Moreover, what may not be obvious to one expert may be obvious to another with different skills and knowledge — enabling out-of-the-box thinking that is impossible on a data island.

3. Leverage customer data to improve sources

Because blockchain can be easily and securely distributed, partners, can easily collect, read, and analyze information from around the globe. When it comes to determining which suppliers produce the highest quality products, data from customers can provide an accurate insight into the direction of the investigation.

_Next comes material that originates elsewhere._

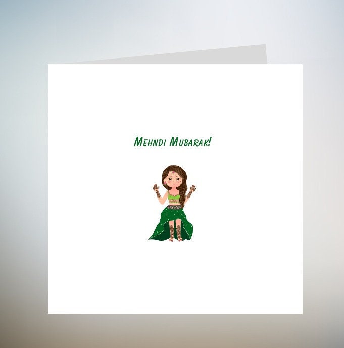 Mehndi Mubarak Card Mendi Card Desi Mehndi Card Congratulations green 6x6
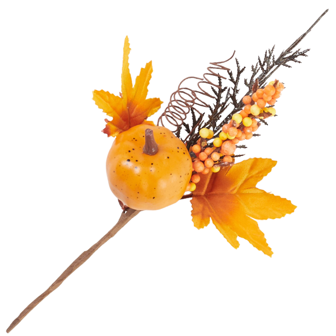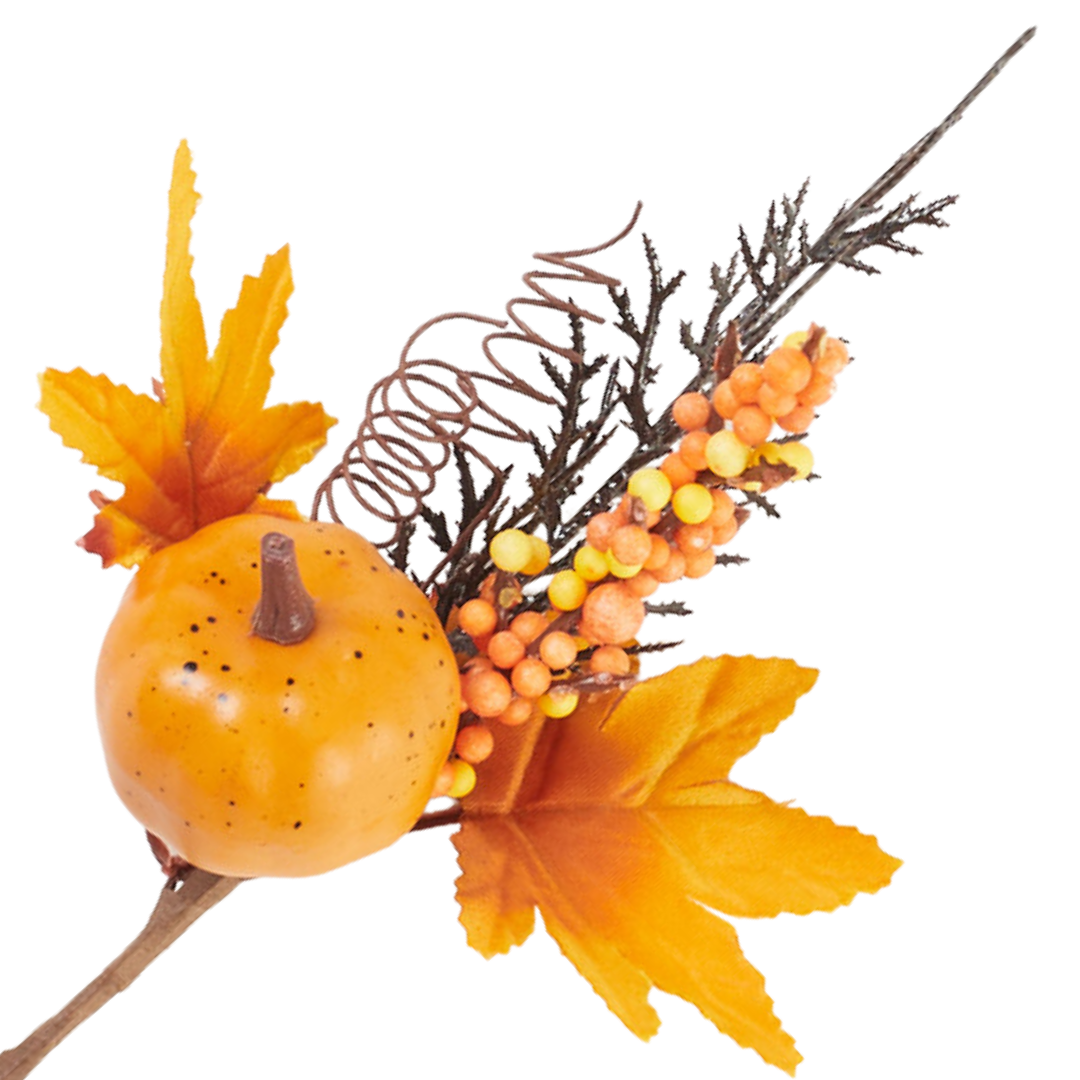 [68xp10101] Gałązka ozdobna jesienna z dynią i liśćmi 19cm

4. Predict the device maintenance mode

Platforms like TMW Systems offer solutions that use blockchain to alert companies when problems arise. They also collect data about each event. Helping companies understand when and why equipment fails saves capital and time in the long run.

Model 6: Blockchain is no longer the best technology for Silicon Valley residents

Any business can use specific use cases, and blockchain is no longer the best technology in Silicon Valley. So it’s not enough for business executives to think about whether to use blockchain, but how to use it better.

Figuring out how blockchain can help companies grow and build on that technology is what all executives should be thinking about.

The development of blockchain technology must be based on application, which requires developers to consider and enterprise managers to participate in.